Print all the data that follows exactly, images excluded.

::: DATASET EXCERPT

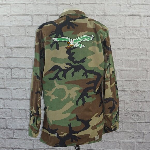 I hand stitched a vintage 80s Philadelphia Eagles Patch onto a Surplus Vintage Camo Military Jacket
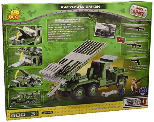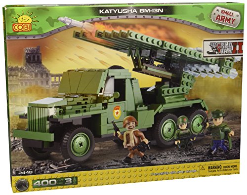 -. Binding : Toy -. Brand : COBI -. Color : Green -. Department : unisex-child -. EAN : 5902251024482 -. Feature : Build a new adventure with COBI construction sets (each sold separately) / Build the Russian rocket launcher Katyusha BM-13 / This Small Army set contains 400 pieces and 3 figures / This COBI block tank model is equipped with many movable parts / This item is a great addition to the extended Small Army collection -. IsAdultProduct : 0 -. ItemPartNumber : 2448 -. Label : Cobi Toys, LLC -. Manufacturer : Cobi Toys, LLC -. Model : 2448 -. MPN : 2448 -. PackageQuantity : 1 -. PartNumber : 2448 -. ProductGroup : Toy -. ProductTypeName : TOYS_AND_GAMES -. Publisher : Cobi Toys, LLC -. Size : Standard -. Studio : Cobi Toys, LLC -. Title : COBI Small Army Katyusha BM-13 Building Kit -. Warranty : 90 day warranty against manufacturer defects
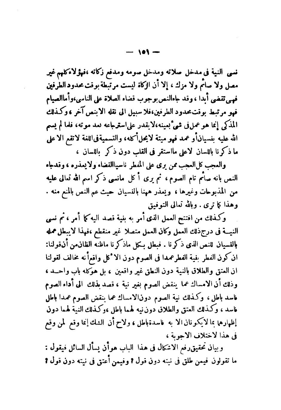 والعجب كل العجب ممن يرى على المفطر ناسيا القضاء ولا يعذره وقد جاء النص بأنه صائم تام الصوم ثم يرى أكل ما نسي ذكر اسم الله تعالى عليه من المذبوحات وغيرها ويعذر ههنا بالنسيان حيث عم النص بالمنع منه وهذا كما ترى وبالله تعالى التوفيق وكذلك من افتتح العمل الذي أمر به بنية قصد إليه كما أمر ثم نسي النية في درج ذلك العمل وكان العمل متصلا غير منقطع فهذا لا يبطل عمله بالنسيان للنص الذي ذكرنا فبطل بكل ما ذكرنا ما ظنه الظان من أن قولنا إن كون الفطر بنية الفطر عمدا في الصوم دون الأكل واقع أنه مخالف لقولنا إن العتق والطلاق بالنية دون النطق غير واقعين بل هو كله باب واحد وذلك أن الإمساك عما ينقض الصوم بغير نية قصد بذلك إلى أداء الصوم فاسد باطل وكذلك نية الصوم دون الإمساك عما ينقض الصوم عمدا باطل فاسد وكذلك العتق والطلاق دون نية لهما باطل وكذلك النية لهما دون إظهارهما بما لا يكونان إلا به فاسدة باطل ولاح أن الشك إنما وقع لمن وقع في هذا لاختلاف الأجوبة وبيان تحقيق رفع الإشكال في هذا الباب هو أن يسأل السائل فيقول ما تقولون فيمن طلق في نيته دون قول وفيمن أعتق في نيته دون قول

::::::

| ANSWER BOX |
 I hand stitched a vintage 80s Philadelphia Eagles Patch onto a Surplus Vintage Camo Military Jacket
 -. Binding : Toy -. Brand : COBI -. Color : Green -. Department : unisex-child -. EAN : 5902251024482 -. Feature : Build a new adventure with COBI construction sets (each sold separately) / Build the Russian rocket launcher Katyusha BM-13 / This Small Army set contains 400 pieces and 3 figures / This COBI block tank model is equipped with many movable parts / This item is a great addition to the extended Small Army collection -. IsAdultProduct : 0 -. ItemPartNumber : 2448 -. Label : Cobi Toys, LLC -. Manufacturer : Cobi Toys, LLC -. Model : 2448 -. MPN : 2448 -. PackageQuantity : 1 -. PartNumber : 2448 -. ProductGroup : Toy -. ProductTypeName : TOYS_AND_GAMES -. Publisher : Cobi Toys, LLC -. Size : Standard -. Studio : Cobi Toys, LLC -. Title : COBI Small Army Katyusha BM-13 Building Kit -. Warranty : 90 day warranty against manufacturer defects
 والعجب كل العجب ممن يرى على المفطر ناسيا القضاء ولا يعذره وقد جاء النص بأنه صائم تام الصوم ثم يرى أكل ما نسي ذكر اسم الله تعالى عليه من المذبوحات وغيرها ويعذر ههنا بالنسيان حيث عم النص بالمنع منه وهذا كما ترى وبالله تعالى التوفيق وكذلك من افتتح العمل الذي أمر به بنية قصد إليه كما أمر ثم نسي النية في درج ذلك العمل وكان العمل متصلا غير منقطع فهذا لا يبطل عمله بالنسيان للنص الذي ذكرنا فبطل بكل ما ذكرنا ما ظنه الظان من أن قولنا إن كون الفطر بنية الفطر عمدا في الصوم دون الأكل واقع أنه مخالف لقولنا إن العتق والطلاق بالنية دون النطق غير واقعين بل هو كله باب واحد وذلك أن الإمساك عما ينقض الصوم بغير نية قصد بذلك إلى أداء الصوم فاسد باطل وكذلك نية الصوم دون الإمساك عما ينقض الصوم عمدا باطل فاسد وكذلك العتق والطلاق دون نية لهما باطل وكذلك النية لهما دون إظهارهما بما لا يكونان إلا به فاسدة باطل ولاح أن الشك إنما وقع لمن وقع في هذا لاختلاف الأجوبة وبيان تحقيق رفع الإشكال في هذا الباب هو أن يسأل السائل فيقول ما تقولون فيمن طلق في نيته دون قول وفيمن أعتق في نيته دون قول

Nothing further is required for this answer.